No me mires, hombre

Una compañera de clase me confesó una vez que una de sus actividades favoritas era ponerse una burqa y salir a caminar por las calles de su ciudad. Ella no era musulmana. Y ese era precisamente el punto.

Ponerse por un rato la piel de alguien más y percibir la forma en la que otros transeúntes y automovilistas te perciben y te tratan. Si eres hombre, vestirte de mujer. Si eres blanco, cambiar tu piel por negra. Si eres bien arreglado, caminar con ropas raídas o tirarte en la esquina de la calle y esperar a ver qué pasa. Últimamente me he puesto a pensar en cómo cambia la experiencia de una mujer que se cambia de sexo al ir a un baño público.

Ahora me doy cuenta que imaginar este ejercicio es también un privilegio de ricos.

Al menos en mi encarnación de esta vida en la que usar el transporte público o hacer lavandería son más actividades turísticas que domésticas, no sabré, ni puedo pretender saber, lo que se siente nacer, crecer, vivir y morir en la piel de otra persona. Pero cómo me gustaría. O más bien: cada vez siento que lo necesito más.

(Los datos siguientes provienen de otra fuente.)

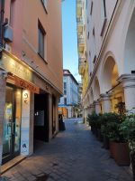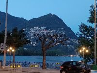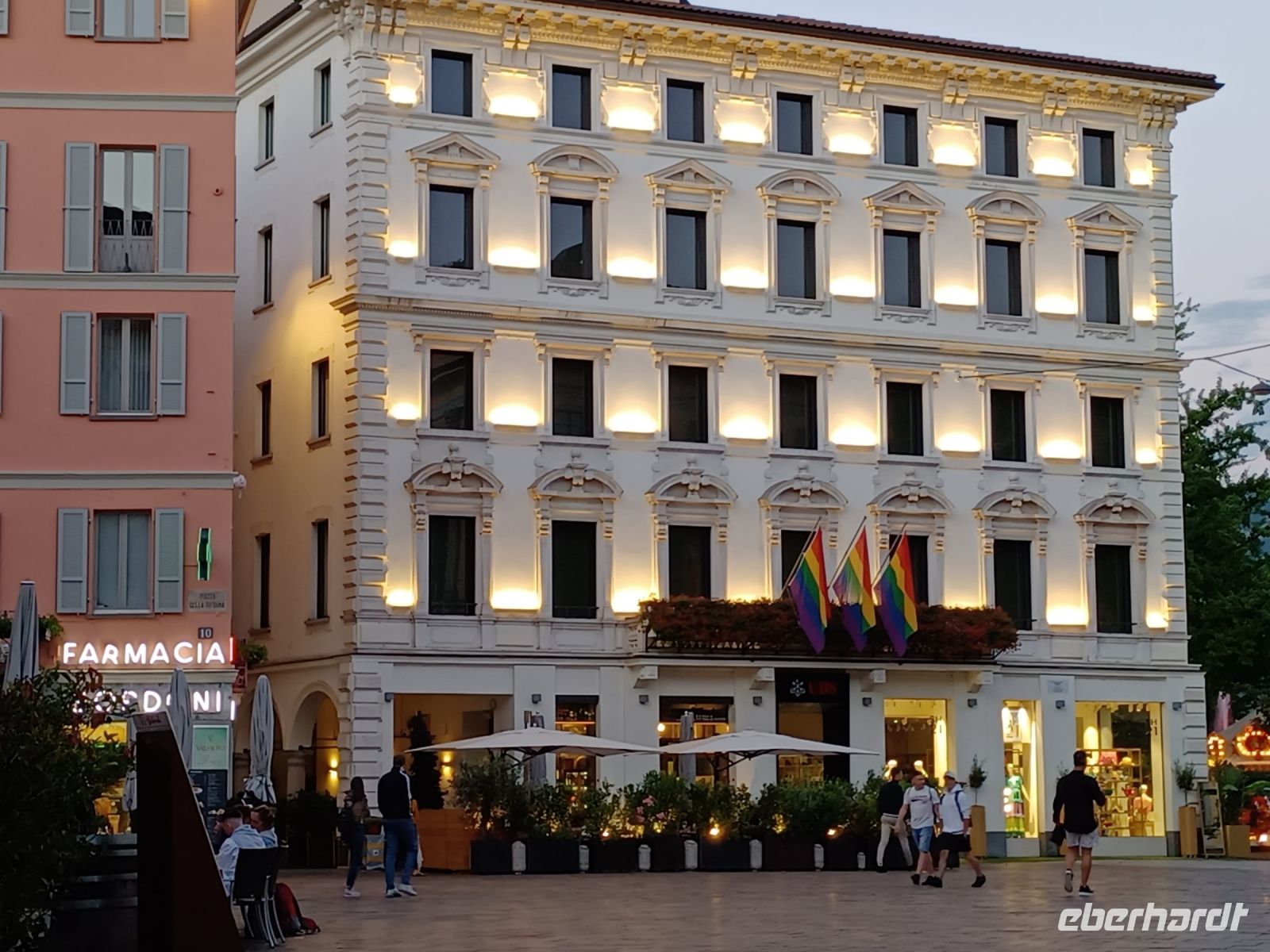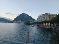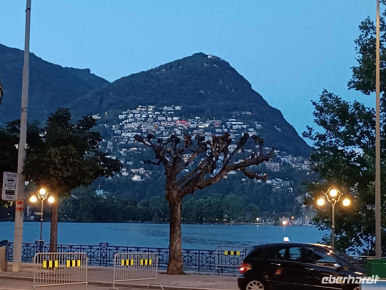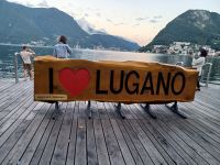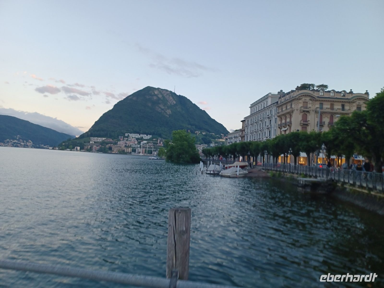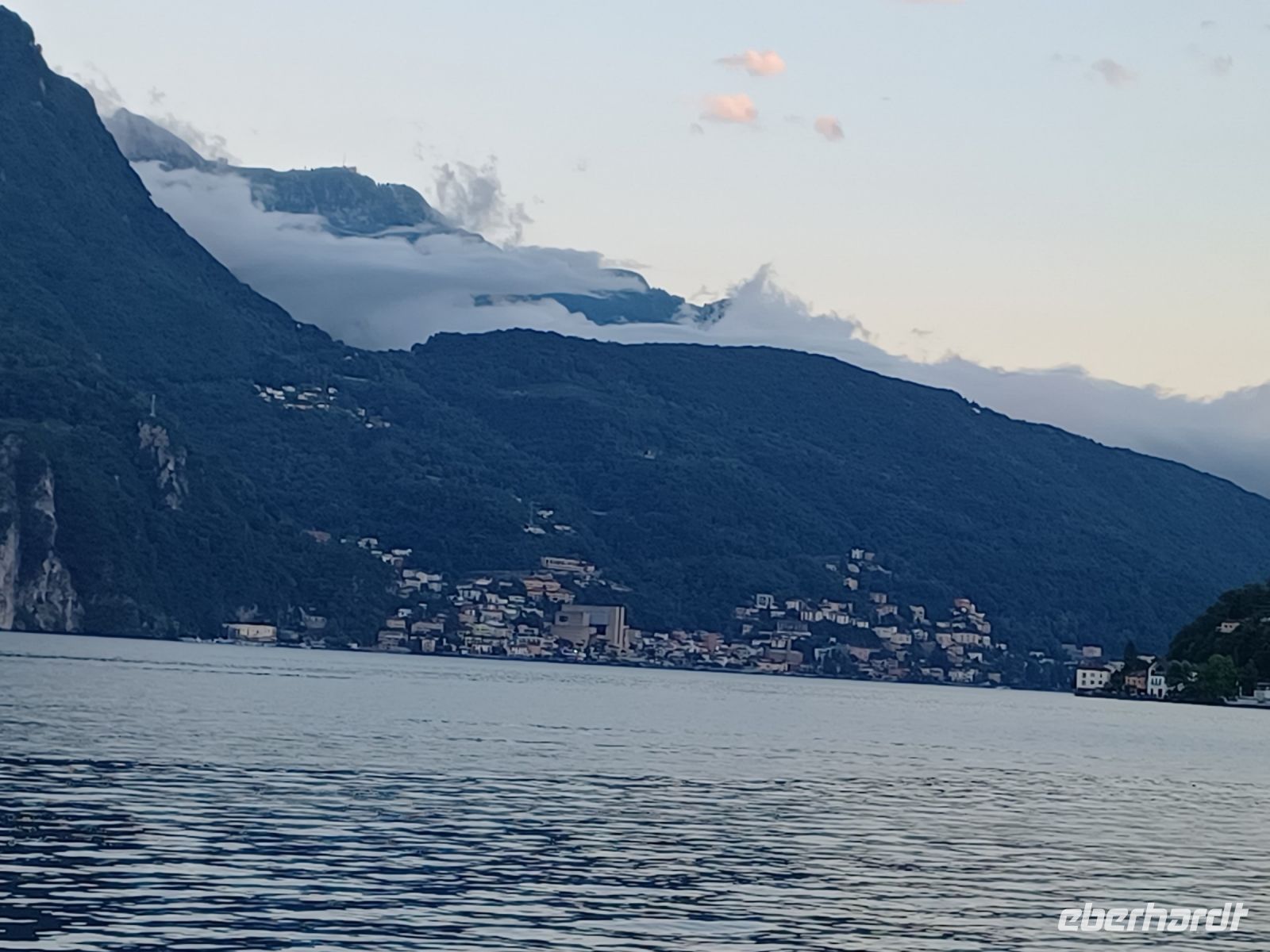 Früh ist es für uns. Wir gehen bei schönem Morgenwetter mit klarer Sicht um 8:15 Uhr zum Bahnhof, nehmen die steile Rolltreppe abwärts zum See. Unser Zug kommt von Chur u. bringt uns 122 km durch 55 Tunnel u. 196 Brücken in die italienische Stadt Tirano. Zunächst fährt der Zug weiter aufwärts, hautnah an der mächtigen Gletscherwelt des Berninamassivs vorbei. Beim Lago Bianco haben wir die Baumgrenze überschritten. Eine wolkenreiche mondähnliche Landschaft lässt die Bergwelt grenzenlos erscheinen. Von mehr als 2200 m Höhe geht es kurvenreich hinab ins Puschlav u. über den berühmten Kreisviadukt von Brusio überwindet die Bahn weitere Höhenunterschiede bis auf 429 m ü.M. Gegen Mittag erreichen wir die Stadt Tirano, die seit dem Mittelalter ein wichtiger Handelskreuzpunkt war u. eine gut erhaltene mittelalterliche Altstadt mit repräsentativen Palazzos des zu Reichtum gelangten Adels aufweist. Die sehenswerte barocke Kathedrale Santuario Madonnadi Tirano liegt 20 Gehminuten vom Zentrum u. ist leider über die Mittagszeit - wie auch die Geschäfte u. die Touristeninformation- von 12 bis 14 Uhr geschlossen. Also folgen wir dem Rhythmus u. lassen uns in einem der kleinen Restaurants in der Altstadt kulinarisch verwöhnen. Nach dem Mittagsaufenthalt treffen wir uns wieder am Bahnhof u. setzen unsere Fahrt in 2 schicken roten Bussen der Bernina Express Linie nach Lugano fort. Unterwegs Hitzegewitter. Die Fahrt führt vorbei an den Weinbergen Veltins, durch malerische Dörfer u. entlang des Comersees. Wir erreichen Lugano schließlich wieder bei Sonnenschein. Da hier im Gegensatz zu St. Moritz der Bahnhof oberhalb der Stadt liegt nehmen wir die kleine Standseilbahn "Lugano Citta" hinab ins Stadtzentrum. Es gilt der Swiss Bahnpass. Ein wunderschöner schattiger Altstattwegweg zeigt mit seinen Geschäften das mondäne Lugano an. Wir erreichen unser Hotel direkt am Luganer See. Unser Abendtisch ist fast festlich mit Stoffservietten u. Blumendeko vorbereitet. Wir sitzen gemeinsam an einer langen Tafel, was uns zu einem einmaligen Gruppenfoto inspiriert. Unsere Hände sind bisher nicht vom Datenschutz tangiert u. bringen dennoch etwas Leben in die sonst gesichterlosen Reisefotos.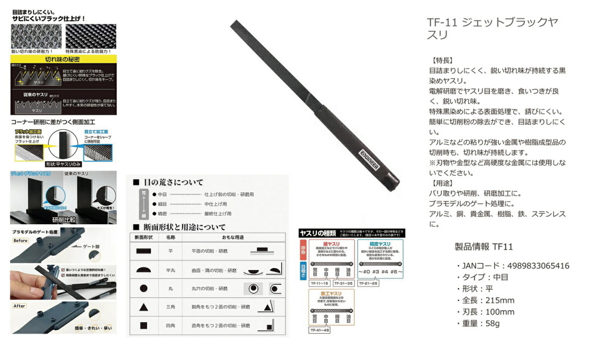 ENGINEER ジェットブラックヤスリ(平)中目 TF-11
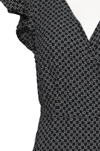 | Details | Jersey, Rüschen, Kurzarm, Bindegürtel, Wickeloptik, V-Ausschnitt, Punkte |
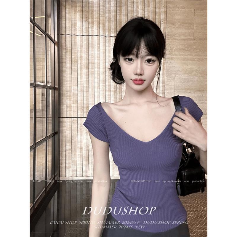 紫vネックニットの肩の半袖tシャツ女性の夏のtシャツのフランス式のウエストを絞めたデザイン感があります。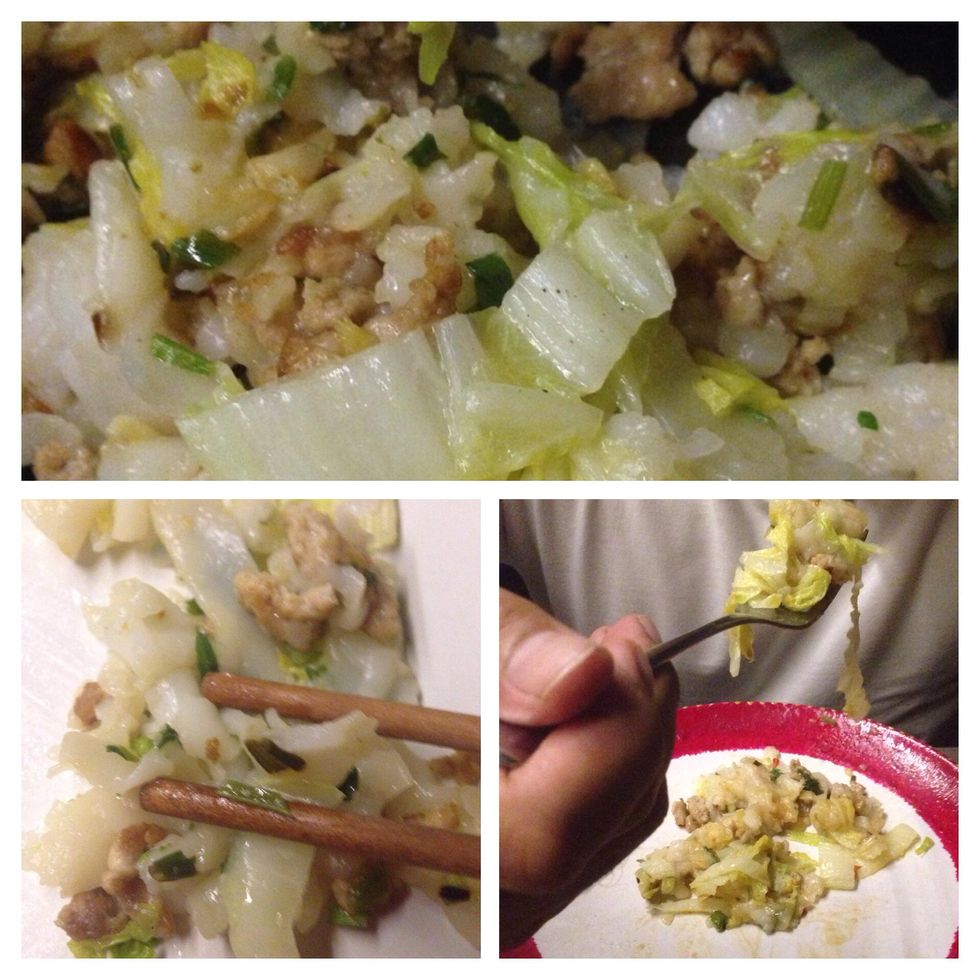 1.0tsp Chopped ginger4.0 Cloves of garlic 1.0 Spring onion2.0 Small chilli peppers (optional 1/2 Chinese Cabbage250.0g Ground Pork200.0g Fresh Rice Noodles1.0tsp Salt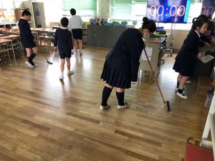 昼休みが終わると、掃除の時間。早い子はチャイムが鳴る前から掃除を始めています。さすがは6年生。普段から5分前行動を意識できています。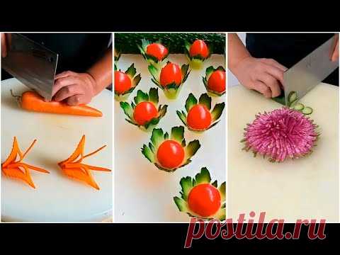 Как красиво нарезать овощи для украшения. Украшения салатов.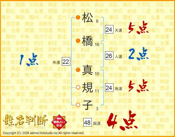 松(8画)橋(16画) 真(10画)規(11画)子(3画)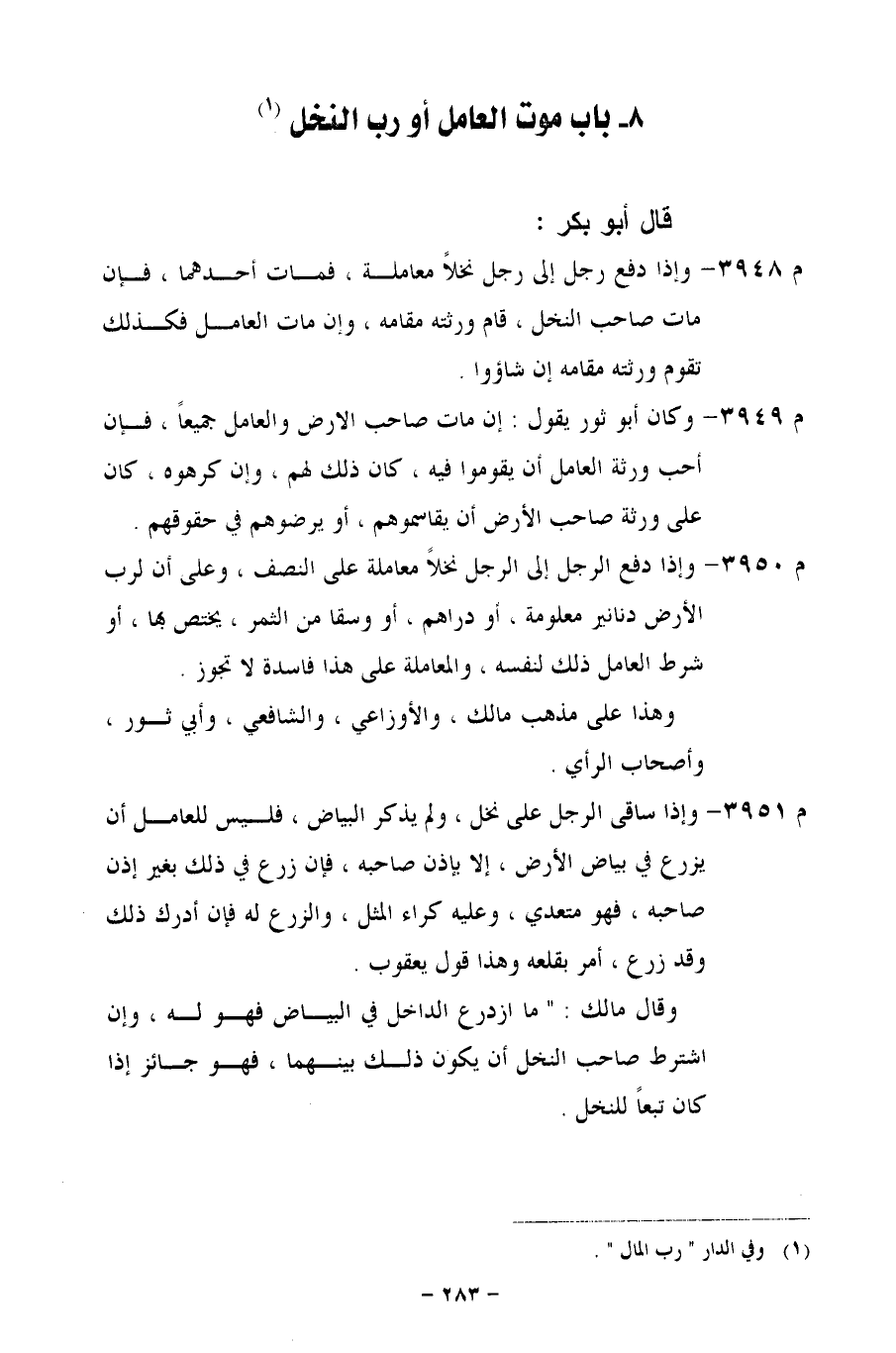 م 3949 - وكان أبو ثور يقول: إن مات صاحب الأرض والعامل جميعاً، فإن أحب ورثة العامل أن يقوموا فيه، كان ذلك لهم، وإن كرهوه، كان على ورثة صاحب الأرض أن يقاسموهم، أو يرضوهم في حقوقهم.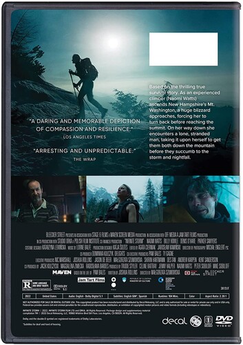 As an experienced climber (Naomi Watts) ascends New Hampshire’s Mt. Washington, a huge blizzard approaches, forcing her to turn back before reaching the summit. On her way down she encounters a lone, stranded man, taking it upon herself to get them both down the mountain before they succumb to the storm and nightfall.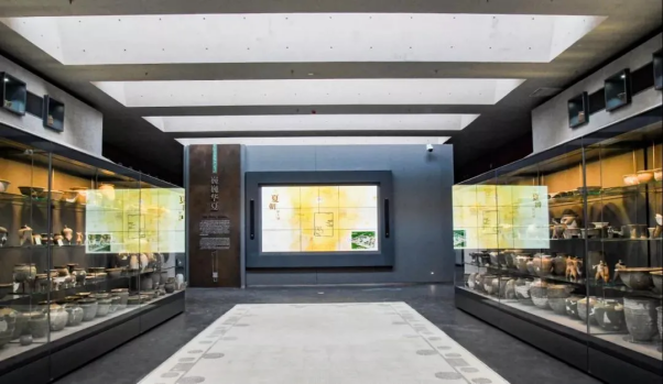 第一展厅(赫赫夏都·第一王朝),分为“茫茫禹迹九州攸同”“赐土命氏祚以天下”“夷夏东西夏道兴衰”3个单元,讲述了禹在数十年中,栉风沐雨,亲操耒耜,三过家门而不入,疏河浚川,平定水患,而后凝聚民心,使得一个广域王权国家开始形成。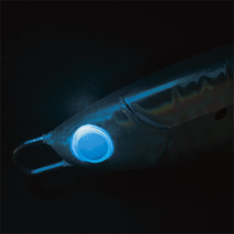 UV-reactive eyes attract predatory fish under sunlight and underwater UV light conditions.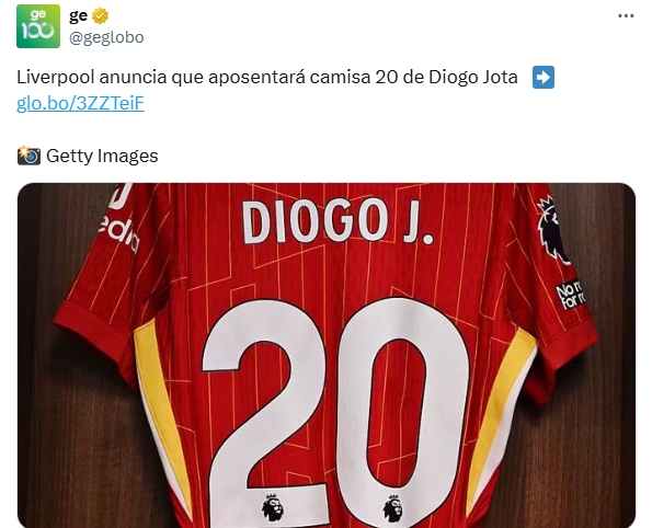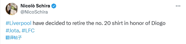 07月04日讯 利物浦官方发文悼念若塔,称他将永远被铭记,不少媒体球迷称利物浦将退役20号球衣,为不实报道。

Vivir mi vida sin burqa ha sido muy cómodo. Mi experiencia como hombre, como blanco, como rico, como alguien que tuvo el privilegio de ir a la escuela, de que sus padres estuvieran presentes, de no sufrir violencia o abuso, de que todos sus problemas siempre son un tema de inmadurez emocional y no de carencias materiales ni sociales.

El problema de la comodidad es que muy rápidamente se siente natural. Y por eso la continuamos naturalizando. Como nunca he usado burqas, mi realidad se ha vuelto la realidad. “Así se debe de sentir cualquier persona”, pienso yo. Pero no. Mis privilegios y confinamientos me invisibilizan los demás mundos que existen.

O como dice Paul Preciado: “cuando socialmente no percibes la violencia, es porque la ejerces”.

Me duele admitirlo, pero ejerzo esta violencia al vivir apropiado de mis privilegios. Como si estos no fueran producto de la mera casualidad de haber nacido donde nací.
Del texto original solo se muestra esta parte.